Tom Vanderbilt (born 1968), a renowned American journalist and author has focused his career on writing on topics such as design, science, technology and culture where his most recent bestseller “Traffic: why we drive the way we do” intertwines a multitude of these themes into both an insightful and light hearted novel. In 2002 Vanderbilt published Survival City in which he explores the ruins of atomic America post Cold War and to a certain extent reflects on the events of September 11th.

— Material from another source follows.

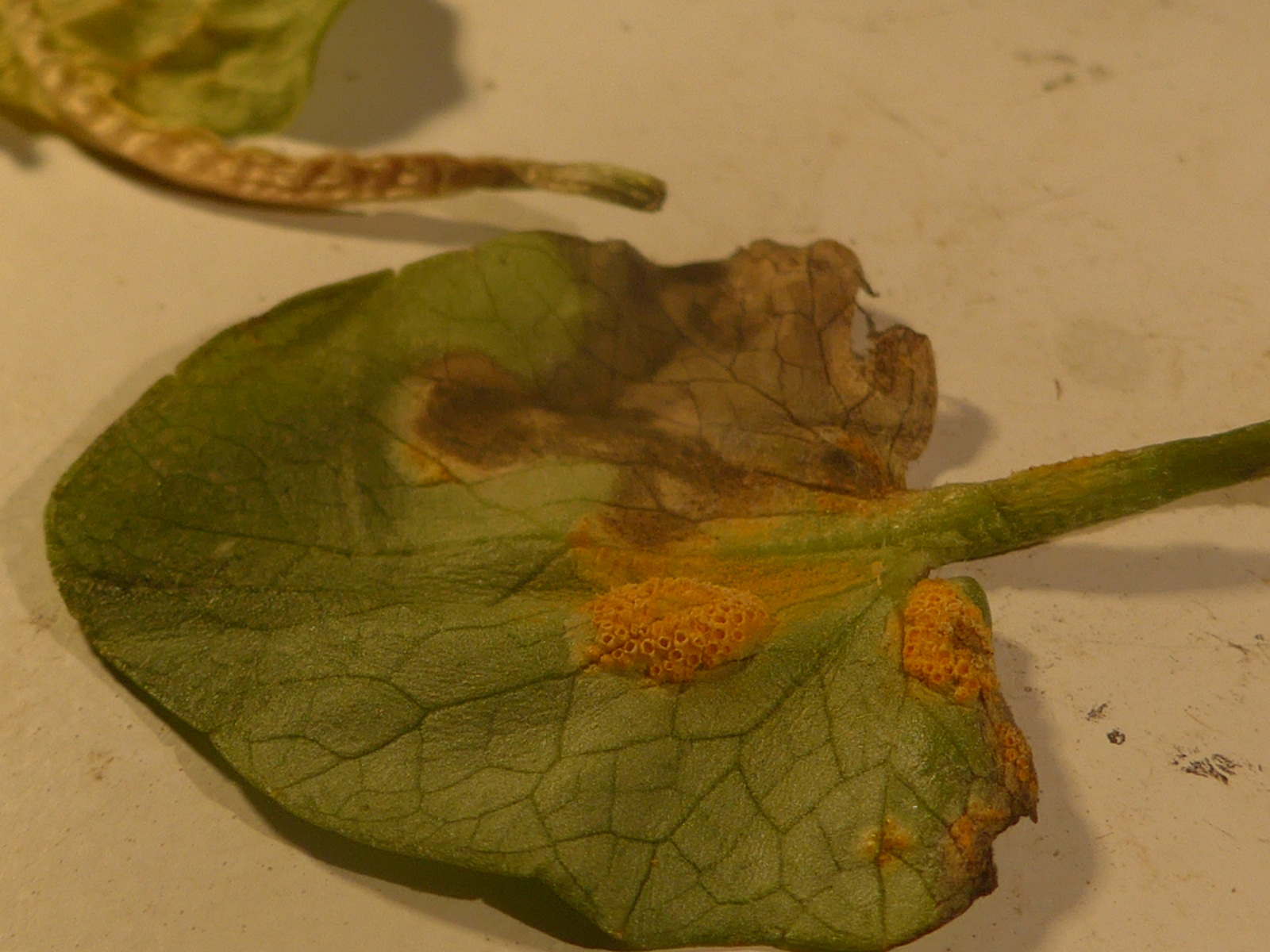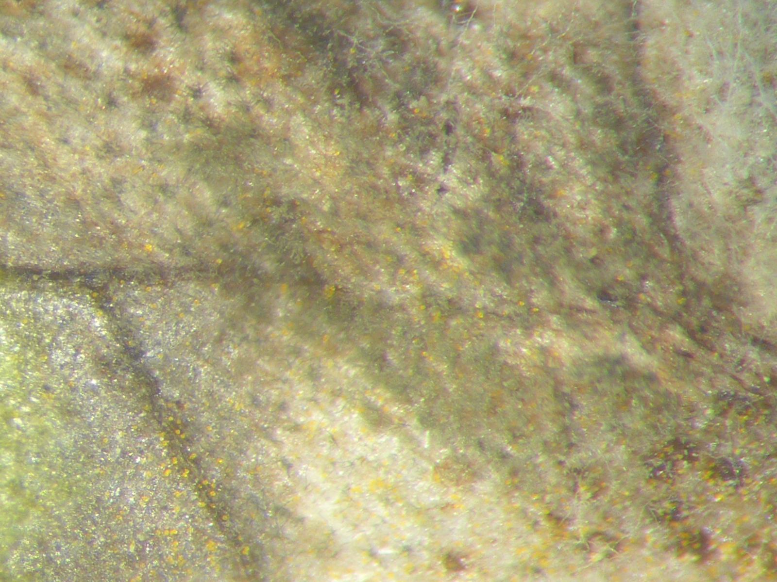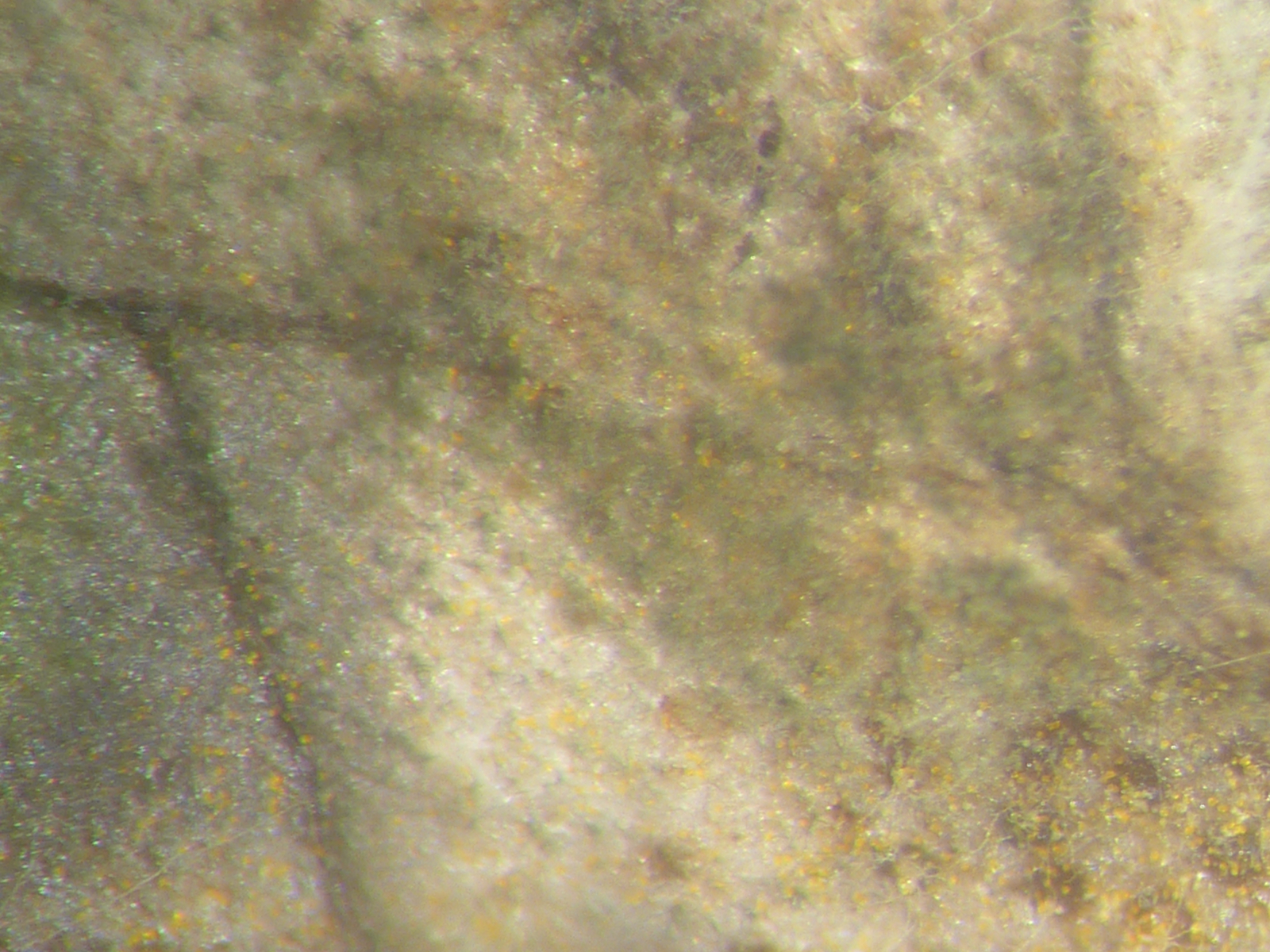 Nicht schlecht staunte ich, dass ich auch ein Blatt fand, was neben einem deutlichen Rostbefall auch so einen markanten braunen Blattfleck besaß. Auf der Blattunterseite fand ich in dem Blattfleck verkümmerte, bzw. abgestorbene Aecien. So ein Fund ist immer spannend, denn es Pilze, die parasitierende Pilze befallen, die sog. Hyperparasiten. Mir war sofort klar, dass ich hier so etwas gefunden haben musste. Bei diesen Hyperparasiten gibt es häufigere und auch seltener dokumentierte Arten und insgesamt deutlich mehr als man auf den ersten Blick so denkt.

The central theme of the novel is based on the build up of military conflict (primarily between the USSR and the United States) which led to the development of “sacrificial’’ cities in the United States where its’ only purpose was to be vaporized in the event of a war. As Vanderbilt travels through the country uncovering sites of Cold War architecture as a reader we start to wonder how would one feel knowing that they were the target of a nuclear attack. In the process of revealing the heritage sites that have survived we start to question what the true identity of an American encompassed during that time and whether if civilians were shunned or felt unpatriotic if they were not willing to die for their country for the supposed greater good.
Although the novel displays the senseless and deranged ways that society responds to their inner most fears in securing their survival we should really question if the United States has progressed from the Cold War in which they were in possession of a secret weapon of mass destruction (the nuclear bomb) which was subsequently used on Japan. Parallels can be drawn between the Cold War and to the present day war in Iraq where the United States claims that Iraq’s alleged possession of weapons of mass destruction poses a threat to the nation’s security. However have nations in the past and present such as the USSR and the United States been in actual fear that they have felt a need to prepare and retaliate or rather can we interchange ‘fear’ with ‘power’ and are they really in the quest of showing the rest of the world that their the boss?